Athena prit une profonde inspiration avant de continuer.
– Beaucoup de monde malheureusement. Une application permettant de localiser les pervers sexuels a indiqué que ton oncle était à Los Angeles, nous ne saurons certainement jamais qui mais nous menons une enquête pour découvrir qui est l'auteur de ce meurtre. Je te promets de te tenir informé des progrès de l'enquête. Et quand nous aurons mis la main sur lui, je te le ferai savoir.
Buck hocha la tête, son esprit tournant déjà à mille à l'heure.
– Merci, Athena. J'ai besoin de savoir qui a fait ça, je veux le remercier, d'avoir fait ce que je n'ai pas pu faire. Je veux même lui payer ses frais d'avocats.
Athena parut surprise, mais elle ne dit rien. Elle savait que la situation était bien plus complexe qu'elle n'en avait l'air.
Elle se contenta d'acquiescer.
De retour à la maison, Eddie le prit dans ses bras, le serrant fort contre lui, refusant de le lâcher. Buck était conscient qu'il avait commit une erreur et il était certainement temps d'y faire face.
– Je suis tellement content que tu sois de retour, murmura Eddie contre son oreille. Ne refais plus jamais ça, mi amor, j'en mourrais de te savoir enfermé loin de moi.
Buck se laissa aller un moment dans l'étreinte réconfortante d'Eddie avant de se détacher légèrement.
– Eddie, on doit parler, dit-il doucement le faisant se figer.
Ils s'assirent tous les deux sur le canapé, l'atmosphère dans la pièce chargée d'une tension palpable. Buck prit un instant pour observer la lumière tamisée du salon, un contraste apaisant avec l'éclat des néons du poste de police. Les murs, ornés de photos et de souvenirs de moments heureux, semblaient presque ironiques à cet instant. Il chercha à trouver un point d'ancrage, quelque chose qui l'aiderait à se concentrer malgré la tempête émotionnelle qui faisait rage en lui.

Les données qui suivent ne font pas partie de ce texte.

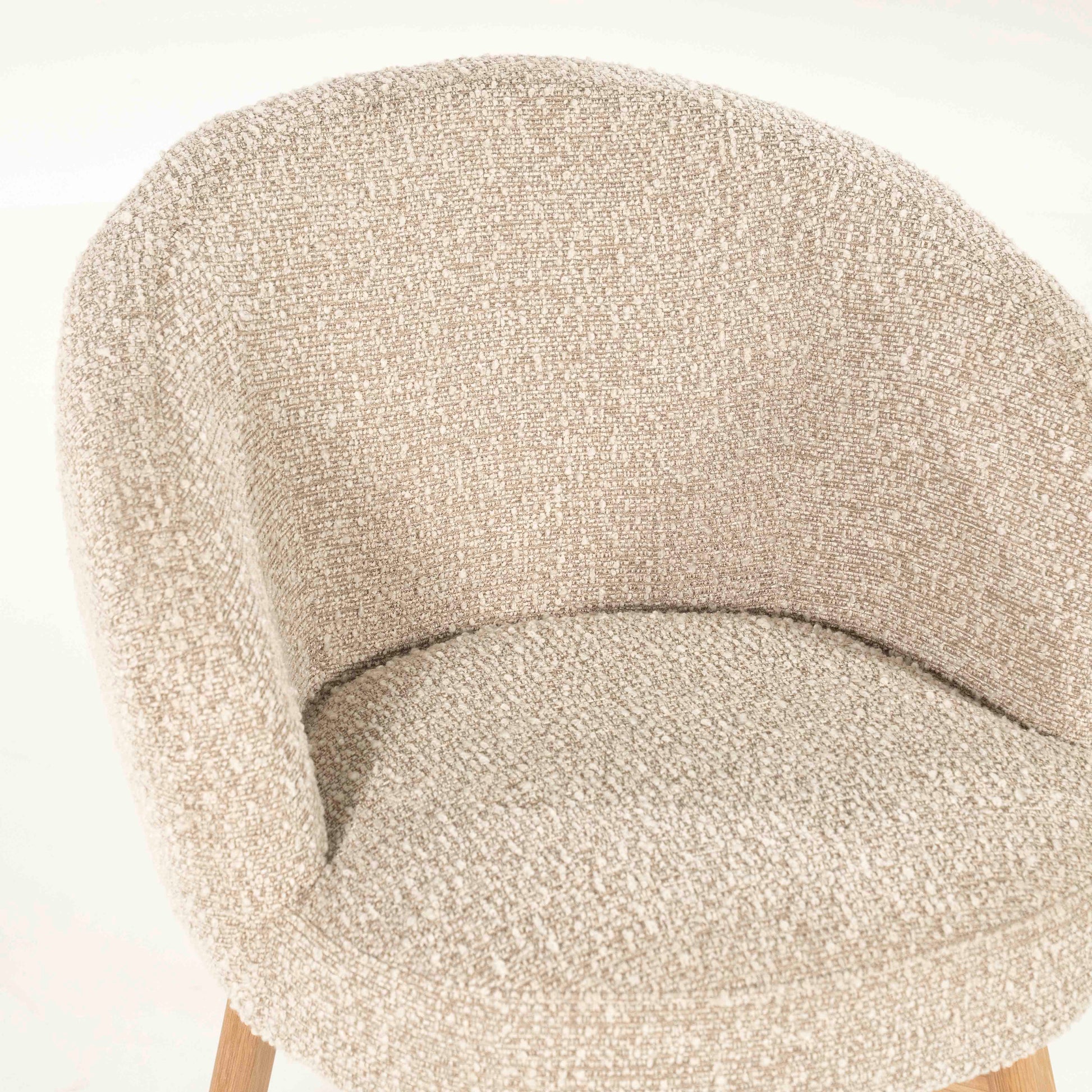 Elegant spisestol med avrundet rygg og myk polstring i lyst boucléstoff. De skrå bena i naturlig eik gir stolen et varmt og moderne uttrykk, mens den runde formen innbyr til lange, komfortable måltider. En perfekt kombinasjon av skandinavisk enkelhet og luksuriøs komfort.

Buck sentit son cœur battre la chamade dans sa poitrine, chaque pulsation résonnant comme un rappel de la gravité de la situation. Il savait qu'il devait parler, qu'il devait ouvrir son cœur et partager ce qui pesait sur son esprit depuis trop longtemps. L'épreuve des dernières heures l'avait laissé à bout de nerfs, mais il comprenait que c'était le moment ou jamais de faire face à la réalité et de communiquer ses sentiments les plus profonds.
Il prit une profonde inspiration, comme s'il cherchait à puiser dans ses dernières réserves de calme et de courage. L'air frais qui entra dans ses poumons semblait presque symboliser une tentative de renouvellement, une chance de repartir sur de nouvelles bases. Ses doigts tremblants effleurèrent la surface rugueuse du canapé, cherchant un réconfort dans la texture familière.
Il se tourna vers Eddie, dont le regard était empreint d'une patience infinie et d'une inquiétude silencieuse. Les yeux d'Eddie, pleins de compassion et d'une détermination tranquille, étaient le seul réconfort dont Buck avait besoin en ce moment. Il savait que cet échange serait difficile, mais il était déterminé à ne pas laisser le poids de ses erreurs et de ses peurs détruire ce qu'ils avaient construit ensemble.
Avec une voix qui trahissait une légère nervosité, Buck commença enfin à parler, chaque mot soigneusement choisi pour exprimer la profondeur de ses sentiments. Il se sentait comme un naufragé accostant enfin sur une terre ferme après une longue tempête, espérant que ses paroles trouveraient un écho dans le cœur d'Eddie et l'aideraient à comprendre la complexité de ses émotions et de ses actions.
– Je suis soulagé que tu n'aies pas tué mon oncle, mais... je t'avoue que si tu l'avais fait, je t'aurais compris.
Eddie hocha lentement la tête.
– J'ai eu envie de le faire, avoua-t-il. Surtout après tout ce que tu m'as raconté. Mais je ne pouvais pas... Je ne pouvais pas risquer de te perdre ou de laisser Christopher sans son père.
Buck sentit ses yeux s'embuer de larmes.
– Je te promets de ne plus jamais faire ça, de m'accuser pour quelque chose que je n'ai pas fait. Mais toi, promets-moi de toujours me dire la vérité, quelle qu'elle soit. On pourra toujours trouver une solution, ensemble.
Eddie prit les mains de Buck dans les siennes, son regard sérieux et plein de détermination.
– Ensemble. Je te le promets, Buck. Je ne te mentirai jamais, quoi qu'il arrive.